Life is for the gambler, the coward dies. Do not be afraid. The coward isn’t one who has fear, it is one who lets the fear win the day. Courage is the ability to go forward in spite of fear, not in the absence of it. Where there is courage, there is life, abundant and new resurrection life.

Do not be afraid. That is Jesus’ recipe for soul-making. Do not be afraid. Walk through your fears and all the way to your cross – because we all have one – and when you are trapped in your tomb know that God will lead you out of it, scars and all. Whatever it is you fear most, God’s love can conquer it just as God’s love raised Jesus from the dead.
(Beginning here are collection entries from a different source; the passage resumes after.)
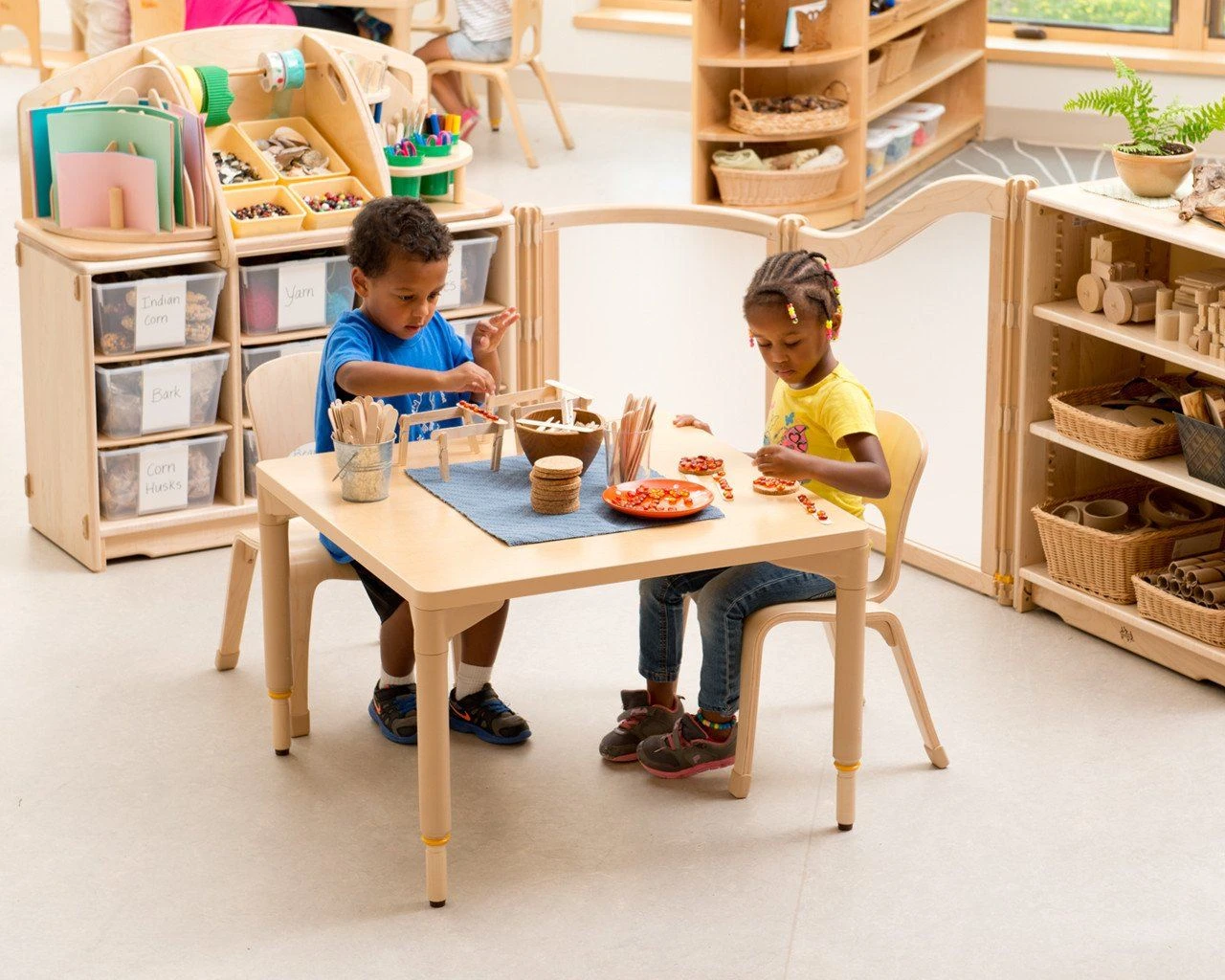Community Playthings (CP) furniture and toys are purpose built for early years classrooms with predominantly natural materials like maple hardwood. They are designed to realize an open-ended play-to-learn educational goals.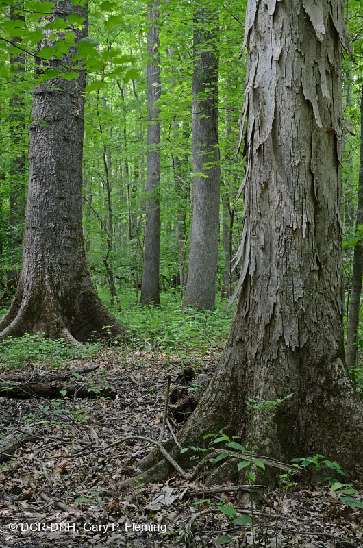 شجرة جوز الماء الناضجة (Carya aquatica)، وشجرة البلوط الدبوسية (Quercus palustris)، وشجرة الصمغ الحلو (Liquidambar styraciflua) في غابة واسعة من الأراضي المنخفضة على طول نهر Meherrin، جنوب Adams Grove في مقاطعة Southampton. © DCR-DNH، غاري ب. فليمنج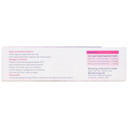 - حاوی ترکیبات طبیعی شامل ویتامین E، ویتامین A و هیالورونیک اسید شامل 21 عدد شیاف واژینال به همراه با اپلیکاتور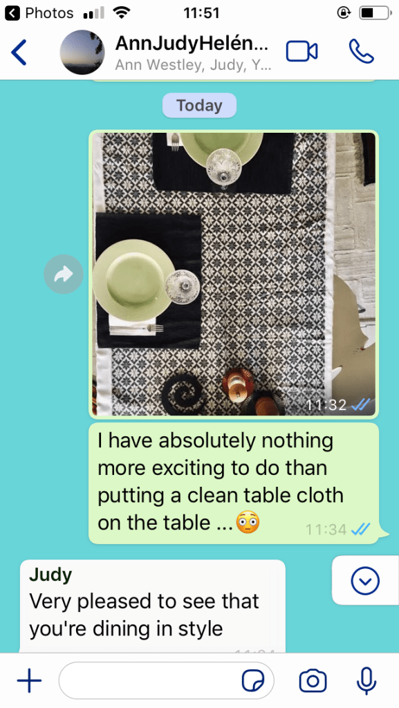 Ur dagliga ‘samtal’ med vänner och grannar, (eftersom livet inte är mer spännande än så just nu) :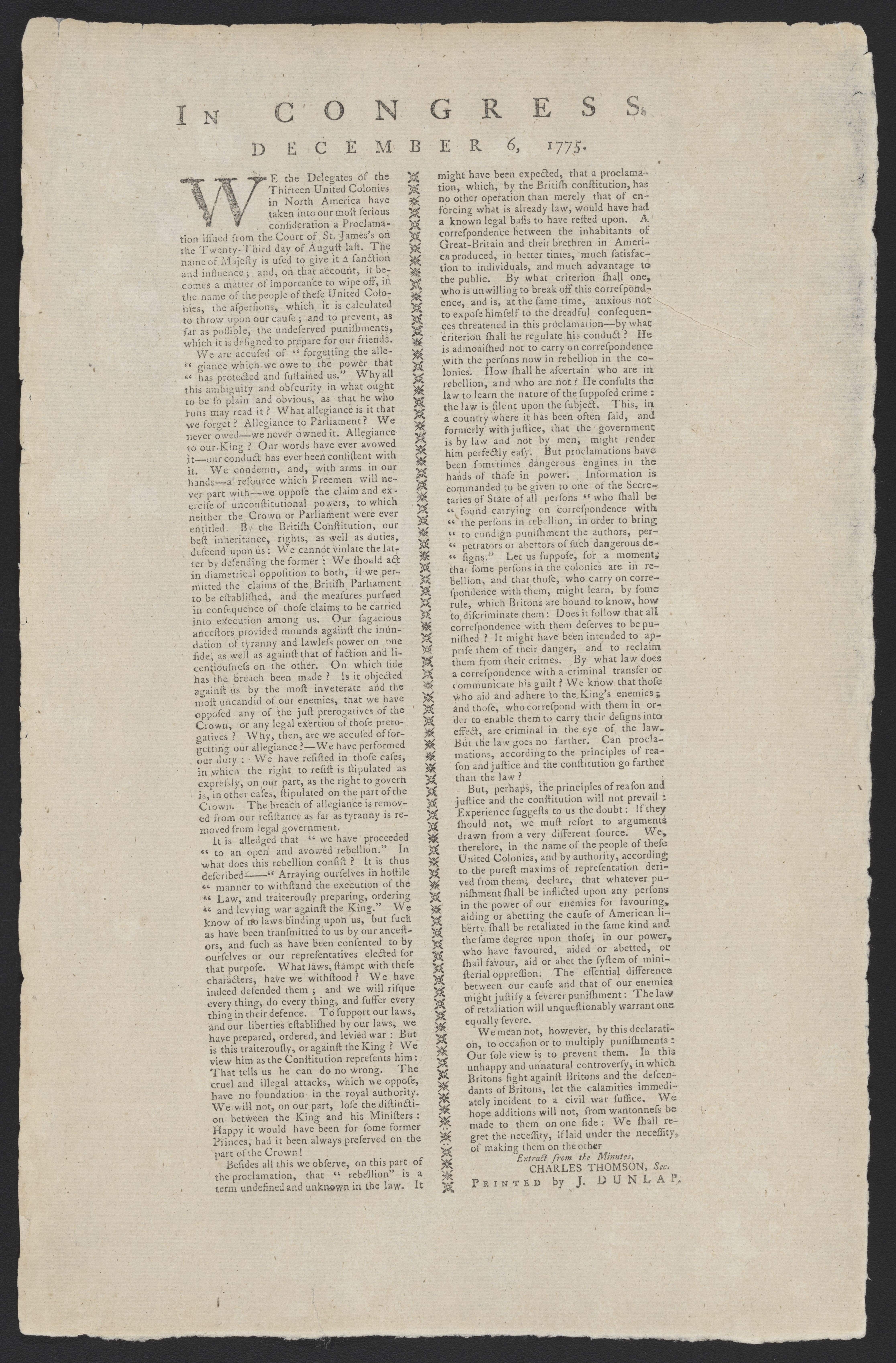 On August 23, 1775, four months after the Revolutionary War had begun, King George issued a proclamation in which he declared the American colonies to be in a state of open rebellion. Congress responded by publishing this broadside, which stated that while the colonies had always been loyal to the King, Parliament had no legitimate claim to authority because of the colonies’ lack of representation in Parliament.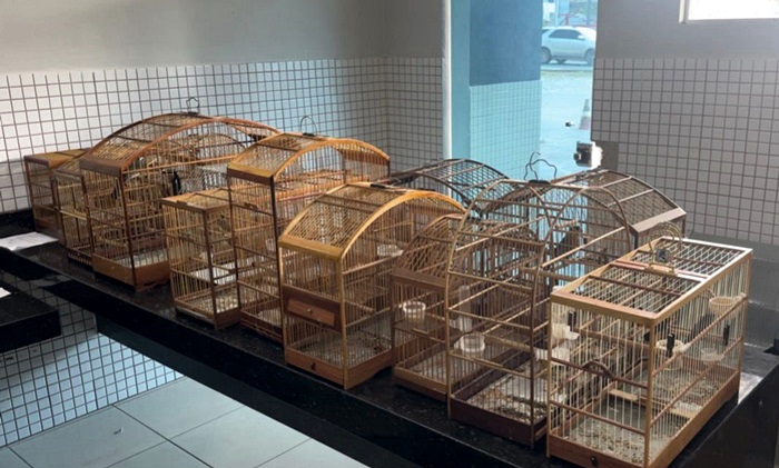 Em um imóvel ligado aos autores, os policiais encontraram diversas aves da fauna silvestre brasileira mantidas em cativeiro, sem autorização legal. Em apoio da Polícia Militar de Meio Ambiente, foram apreendidos 15 pássaros de diferentes espécies e 14 gaiolas.
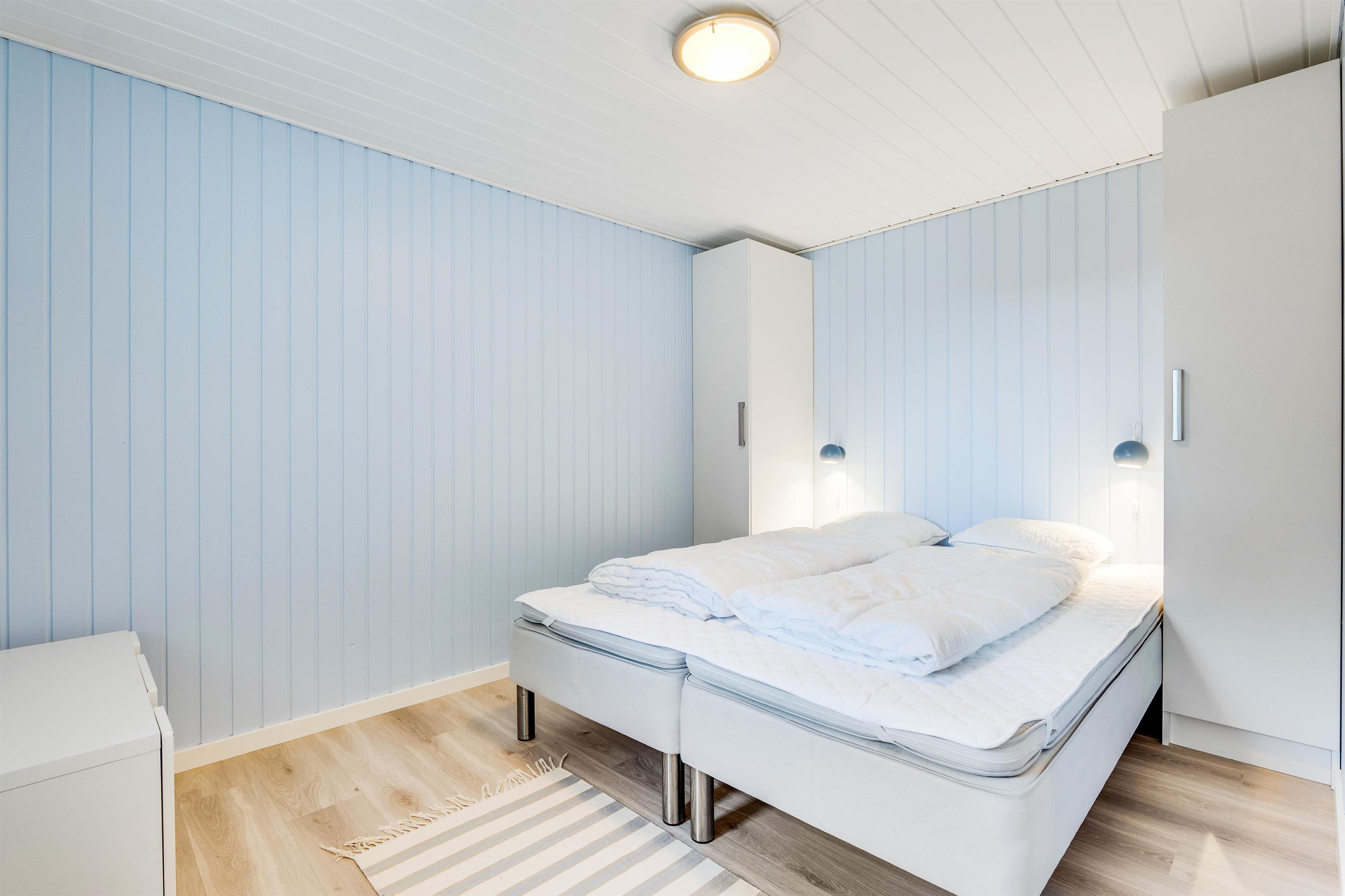 Dette charmerende og hyggelige sommerhus har plads til 6 personer i 3 soveværelser. Her er 3 soveværelser med komfortable dobbeltsenge. Fint badeværelse med bruseniche og gulvvarme, vaskemaskine og tumbler.

Resurrection life has something to do with facing down fear and moving ahead in spite of it. The women were terrified, but they ran and told the others what they had seen. They took a huge risk in a culture in which women were presumptively non credible as witnesses. They did what they were called to do even when some would say they had no business doing it.

And then, of course, there are those for whom it is God they truly fear! This God who changes lives, who molds souls - who sends people to the cross when they accept God’s call to become who God created them to be. This God of empty tombs and thunderbolts and angels in dazzling white is a no comfortable God and life with this God is unpredictable at best! Life with this God is fearless and bold and abundant. Everyone in this church today has taken a big risk just coming here this morning. You have opened yourself to the possibility that the holy mysteries celebrated here will capture your soul and draw you in. Given the story we tell today, some might think they’d be better off staying home than meeting that God face to face!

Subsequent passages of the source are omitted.